The volume itself was unremarkable when it came to the prison along with anti-apartheid activist Sonny Venkatrathnam as his one permitted book.  After all, the Alexander Text was one of the most widely sold and read 20th- century editions of Shakespeare.
The book became remarkable, however, when Venkathrathnam began circulating the book amongst his fellow prisoners in the single-cell section of the prison, asking them to mark their favorite passages.
Between 1975 and 1978, when Venkathrathnam was released, thirty three prisoners –– including Mandela –– signed the book next to various plays and sonnets. The selections were occasionally starred, sometimes bracketed off, but all of them significant.
“Somehow Shakespeare always seemed to have something to say to us,” Venkatrathnam said in a 2012 interview with The Mercury, KwaZulu-Natal’s leading morning newspaper. “He’s a universal philosopher; there’s a message for anyone and anybody,”
Billy Nair belonged to Umkhonto we Sizwe (MK), the armed wing of the African National Congress (ANC), and was arrested in 1963.  Over his 21 years on Robben Island, Nair attempted to reform prison conditions despite frequently violent resistance.  In 1977, he signed his name by Caliban’s speech in The Tempest, using an arrow to specifically mark the lines: “This island’s mine, by Sycorax my mother / Which thou tak’st from me” (1.2.331–2).
Ahmed Kathrada, a former MK member charged with sabotage, was an avid lover of Shakespeare who filled seven prison notebooks with quotations from the Bard’s works.  Kathrada selected the now-near-cliche introduction to King Henry’s speech, given to rally his troops in France, before the Siege of Harfleur:
“Once more into the breach, dear friends…” (3.1.1).
Nelson Mandela, the most famous signer, was a founding member of the ANC’s Youth League and a co-founder of MK.  He was also familiar with Shakespeare, quoting him in speeches as well as his 1994 autobiography.  Two years after his 1962 arrest, Mandela was sentenced to life imprisonment.  His selection in the Robben Island Shakespeare is a speech from Act II of  Julius Caesar.
Some critics have commented on the irony of Mandela’s selection, pointing out that the words he chose were spoken by a tyrant. But  most hold that the selection should be taken as words of resolution in the face of life’s end.

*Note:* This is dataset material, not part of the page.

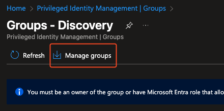 - Have the user navigate to the Microsoft Entra admin center > ID Governance > Privileged Identity Management > My roles > Groups.

But Mandela was released after 27 years of his sentence, most of which was spent at Robben Island.  He  went on to serve as President of South Africa from 1994-1999, ANC president from 1991-1997, and won the Nobel Peace Prize in 1993.
The book was important to many of Venkathrathnam’s fellow inmates, for it’s beauty as well as the intellectual stimulation it offered.  This was particularly important to Venkathrathnam, who spent time at Leeuwkop Prison, where he was more haunted by the tedium than the crushing physical labor
At one point, the Robben Island Shakespeare  was confiscated as punishment and locked in a storeroom.  Taking advantage of the fact that the guards couldn’t understand the dialogue, Venkathrathnam claimed it was his copy of the Bible and that he needed it for chapel.

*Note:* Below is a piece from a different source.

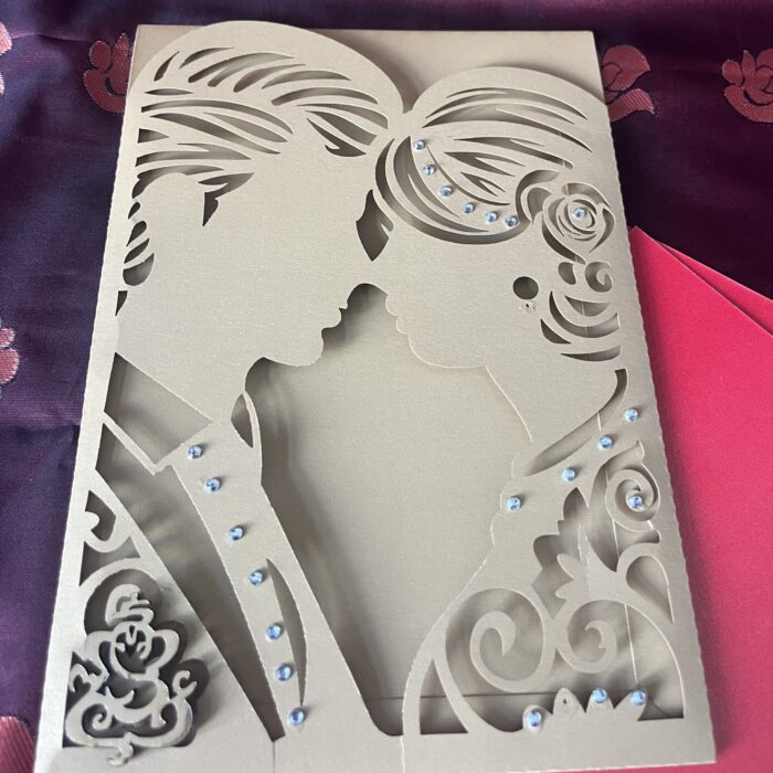 Couple laser cut wedding invitation is one of our elegant design. This invitation card is made out of gold textured paperboard with matching mailing envelope. Card front has a couple laser cut. The card has  inserts with ink printed design. (Please note, this logo can be changed to any symbol or couple initial as per your preference). Please choose one of the colours from our colour pallet (please check the image) for envelopes. 120gsm shimmer paper. The card has two inserts with coordinated printed designs.

To maintain the charade, he obscured the cover with bright, multi-colored greeting cards commemorating Diwali, the Hindu festival of lights.
“The one thing the Afrikaner is scared of is God and a lawyer,” he told The Mercury.
Multiple offers have been placed on the book, but Venkathrathnam refuses to sell it.  However, he has permitted the book to be displayed in both The British Museum and The Folger Shakespeare Library in Washington, D.C., where the author first encountered the book and the stories of the men who signed it.